*Assignment:* Would you retype exactly the lines below, starting with the one that has "Mit der Neon" and going on through the one that has "如果上述固定参数无法满足需求", with no pictures and nothing else?

*Task material:*
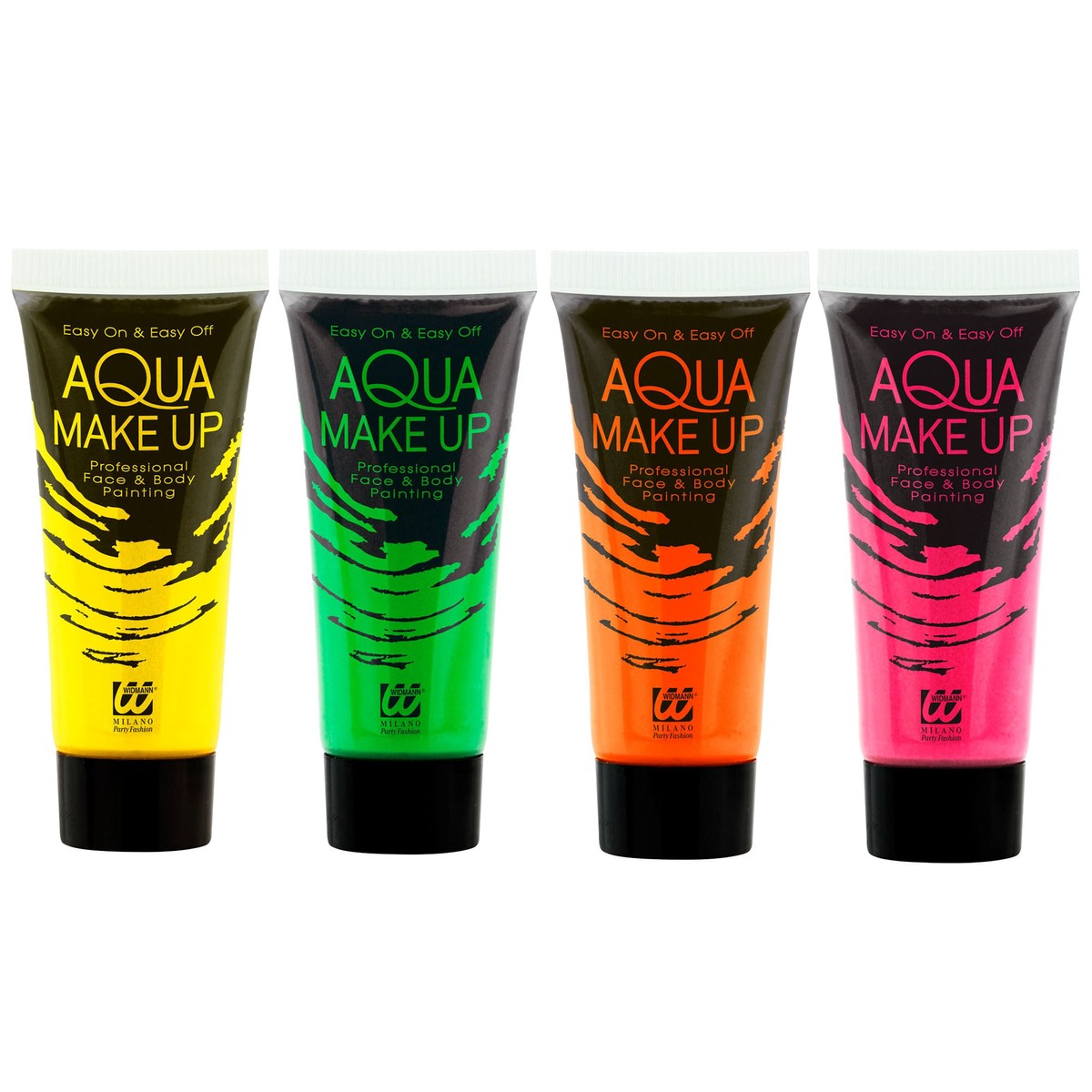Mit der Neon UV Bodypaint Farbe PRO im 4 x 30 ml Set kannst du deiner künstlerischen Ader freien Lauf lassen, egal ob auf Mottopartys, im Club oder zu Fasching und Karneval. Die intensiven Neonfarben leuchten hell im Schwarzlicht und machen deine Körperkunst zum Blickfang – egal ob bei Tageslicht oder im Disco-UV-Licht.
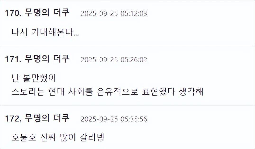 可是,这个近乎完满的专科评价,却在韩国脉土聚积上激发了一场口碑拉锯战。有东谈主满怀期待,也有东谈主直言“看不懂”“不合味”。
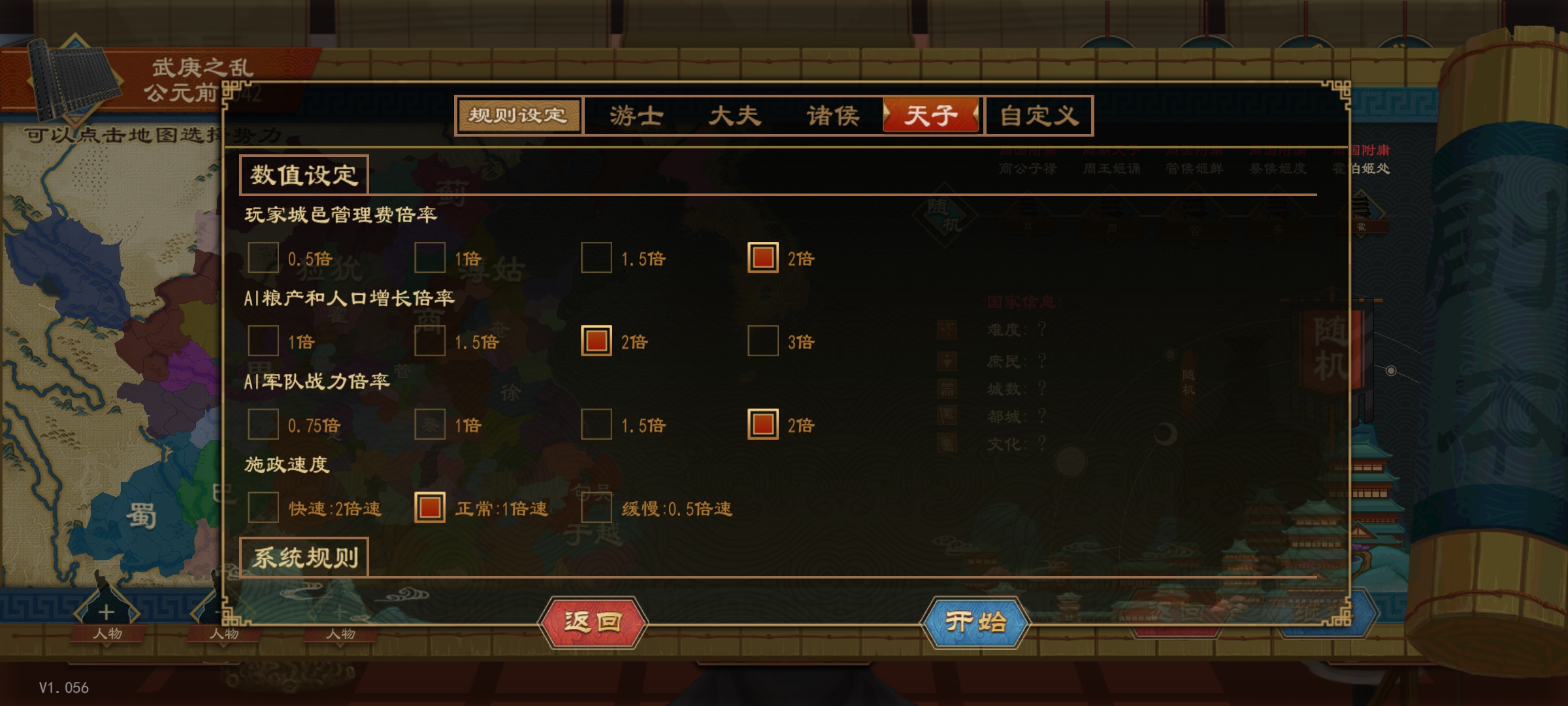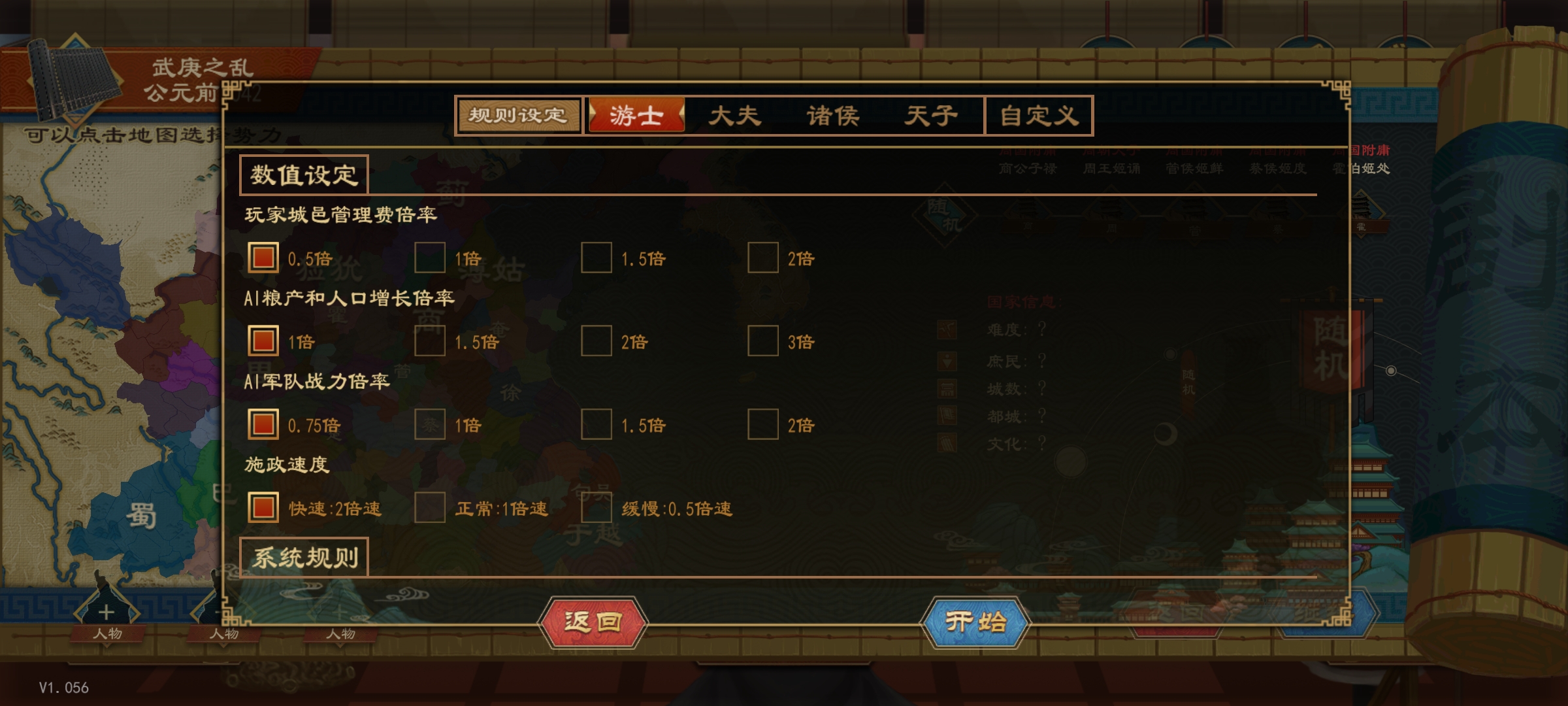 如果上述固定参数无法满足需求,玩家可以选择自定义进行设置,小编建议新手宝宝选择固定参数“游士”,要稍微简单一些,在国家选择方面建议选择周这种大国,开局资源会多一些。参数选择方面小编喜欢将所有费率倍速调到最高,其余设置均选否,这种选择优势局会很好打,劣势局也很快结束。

...

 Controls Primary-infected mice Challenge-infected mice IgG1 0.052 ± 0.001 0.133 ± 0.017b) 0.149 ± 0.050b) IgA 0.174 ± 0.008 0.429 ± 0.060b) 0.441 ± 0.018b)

---

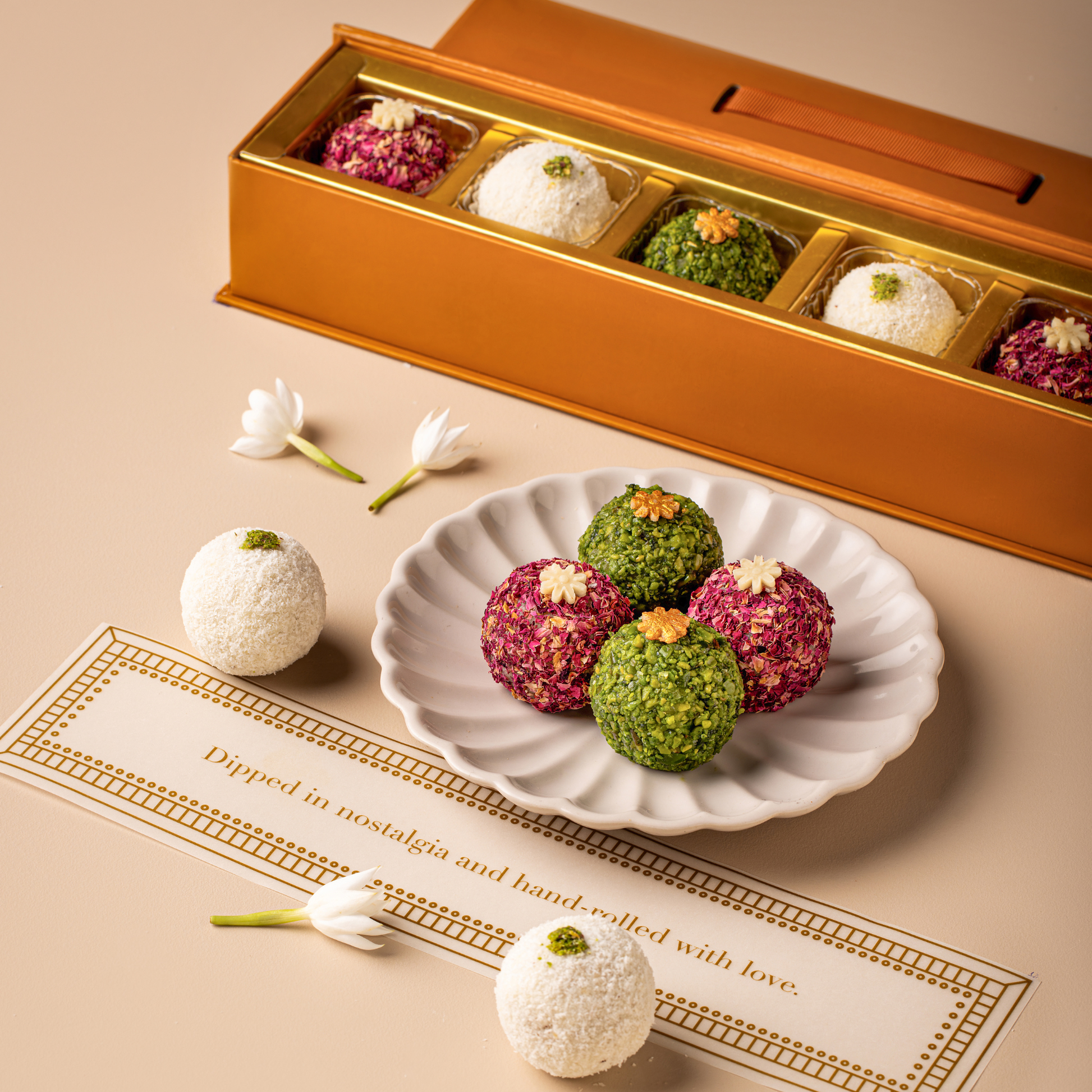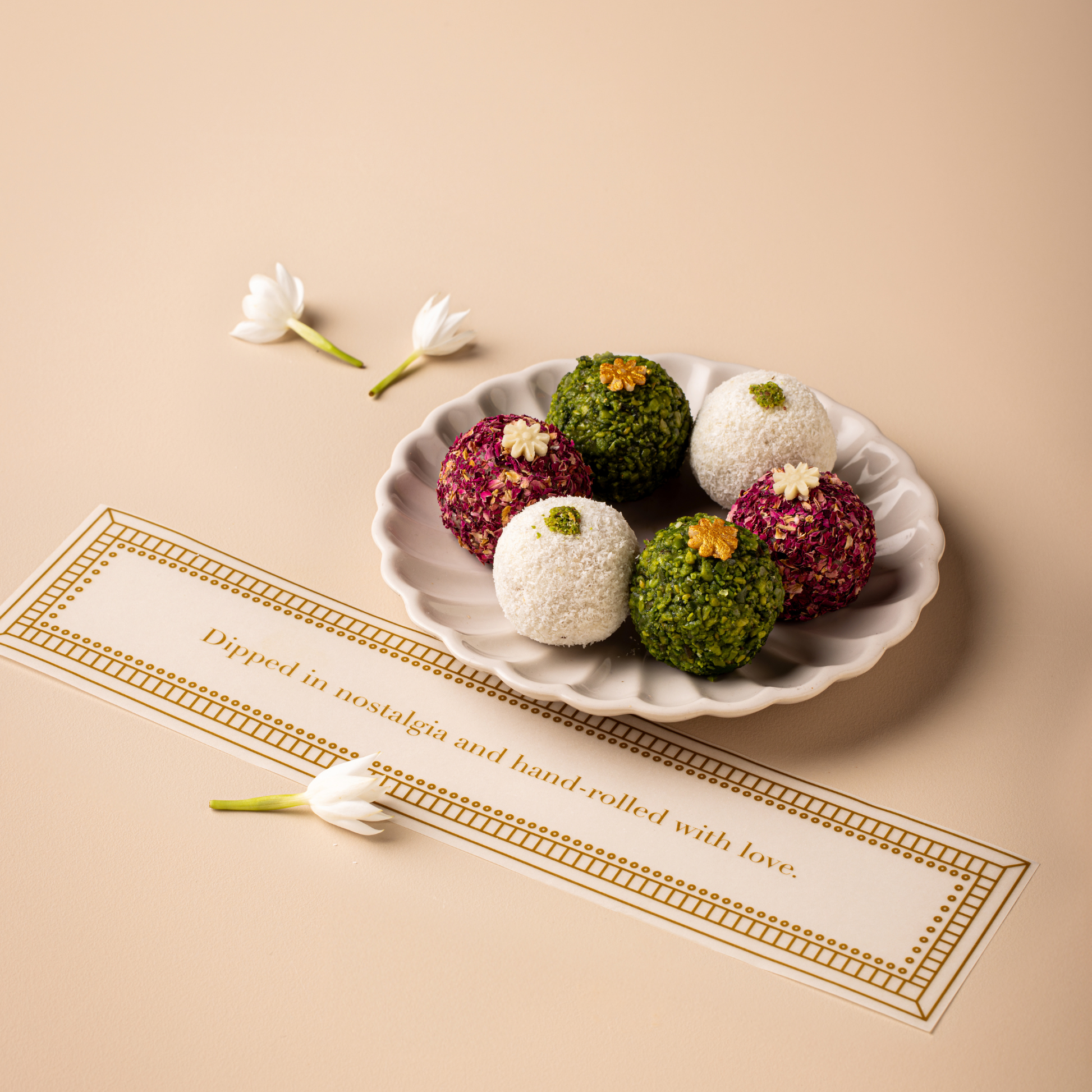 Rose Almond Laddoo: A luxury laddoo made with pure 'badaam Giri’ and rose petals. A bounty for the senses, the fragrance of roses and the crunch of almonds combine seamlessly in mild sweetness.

*Result:*
Mit der Neon UV Bodypaint Farbe PRO im 4 x 30 ml Set kannst du deiner künstlerischen Ader freien Lauf lassen, egal ob auf Mottopartys, im Club oder zu Fasching und Karneval. Die intensiven Neonfarben leuchten hell im Schwarzlicht und machen deine Körperkunst zum Blickfang – egal ob bei Tageslicht oder im Disco-UV-Licht.
 可是,这个近乎完满的专科评价,却在韩国脉土聚积上激发了一场口碑拉锯战。有东谈主满怀期待,也有东谈主直言“看不懂”“不合味”。
 如果上述固定参数无法满足需求,玩家可以选择自定义进行设置,小编建议新手宝宝选择固定参数“游士”,要稍微简单一些,在国家选择方面建议选择周这种大国,开局资源会多一些。参数选择方面小编喜欢将所有费率倍速调到最高,其余设置均选否,这种选择优势局会很好打,劣势局也很快结束。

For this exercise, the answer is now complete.